Transcribe exactly, and only, the lines from the one with "Мы продаем Q-Switched" through the end of the records below, including both of those lines. Skip all pictures.

Dataset entries
########
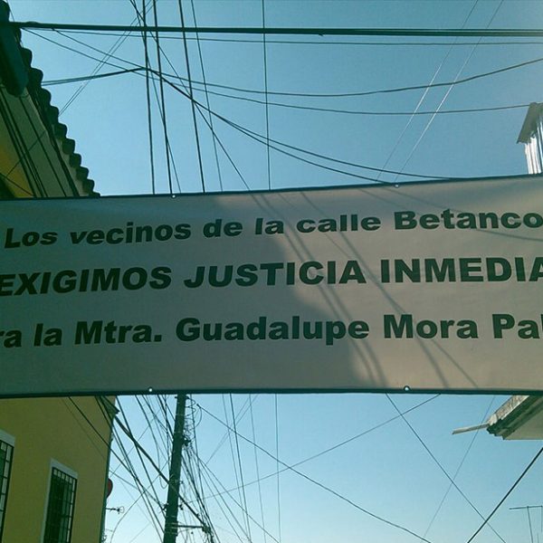 Mientras, los vecinos de la calle Betancourt, del centro de la ciudad, se manifestaron al son de: “No queremos vivir con miedo” y urgen al fiscal general del estado y a las autoridades municipales para que resuelvan el homicidio de la maestra jubilada, Guadalupe Mora Palacios, cuyo cadáver fue embolsado y encontrado en el interior de su domicilio, ocurrido el 10 de noviembre pasado.
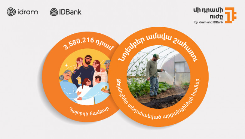 «Մի դրամի ուժի» հաջորդ՝ նոյեմբեր ամսվա ծրագիրը ևս նվիրված է Արցախից բռնի տեղահանված մեր հայրենակիցներին։ Նոյեմբեր ամսվա ընթացքում Իդրամի և Բանկի հարթակներով կատարված բոլոր վճարումներից կուտակված գումարը կփոխանցվի տեղահանված արցախցիների համար Սյունիքում ջերմոցների կառուցմանը։
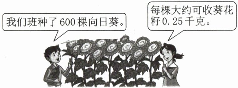 3. 我们班种了600棵向日葵。每棵大约可收葵花籽0.25千克。
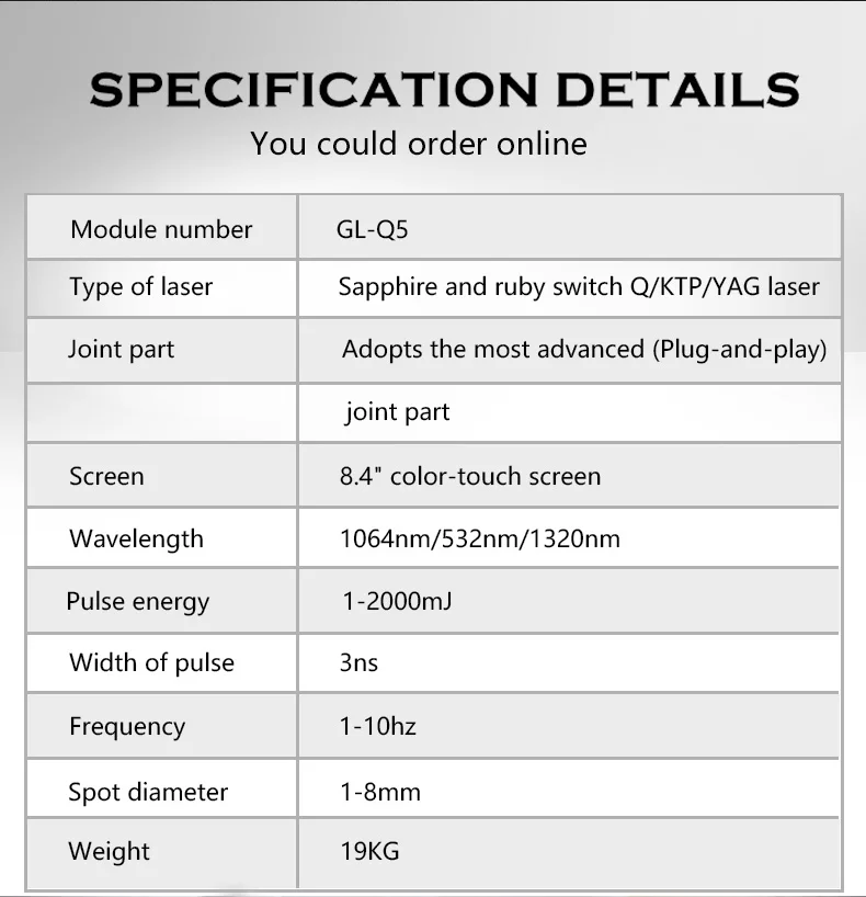 Мы продаем Q-Switched лазерные машины, которые могут безопасно использоваться в любом месте на лице и теле, и так же самые лучшие машины доступны для выполнения работы. С помощью этих лазеров профессиональные и любительские татуировки могут быть полностью удалены. Многие компании продают некоторые намного дешевле, менее эффективные машины. Наш Q-Switched лазер гораздо безопаснее и обеспечивает более безопасные показатели по доступной цене.
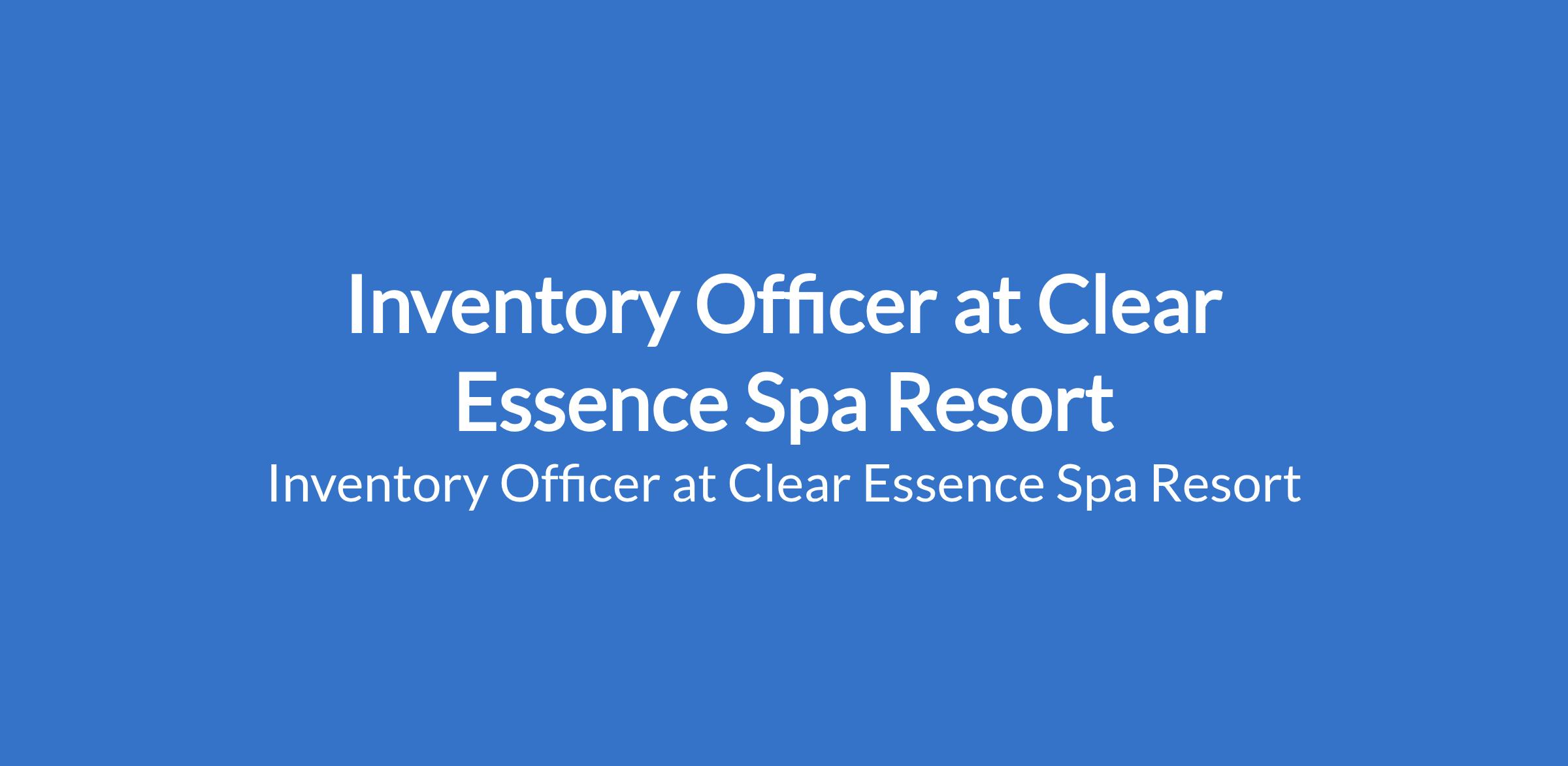 Inventory Officer at Clear Essence Spa Resort
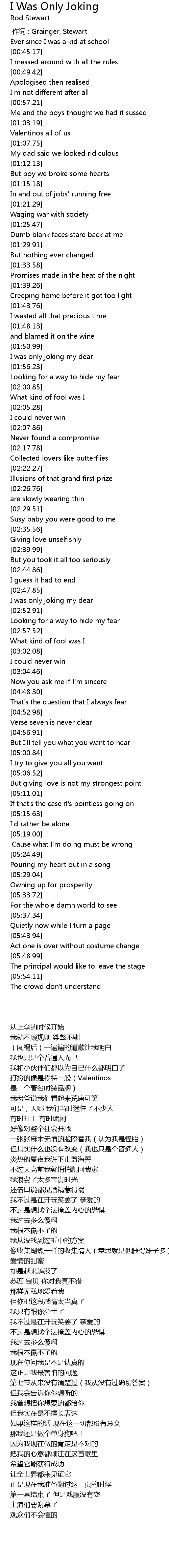 | Song | I Was Only Joking |
########
> _Reply_
 Мы продаем Q-Switched лазерные машины, которые могут безопасно использоваться в любом месте на лице и теле, и так же самые лучшие машины доступны для выполнения работы. С помощью этих лазеров профессиональные и любительские татуировки могут быть полностью удалены. Многие компании продают некоторые намного дешевле, менее эффективные машины. Наш Q-Switched лазер гораздо безопаснее и обеспечивает более безопасные показатели по доступной цене.
 Inventory Officer at Clear Essence Spa Resort
 | Song | I Was Only Joking |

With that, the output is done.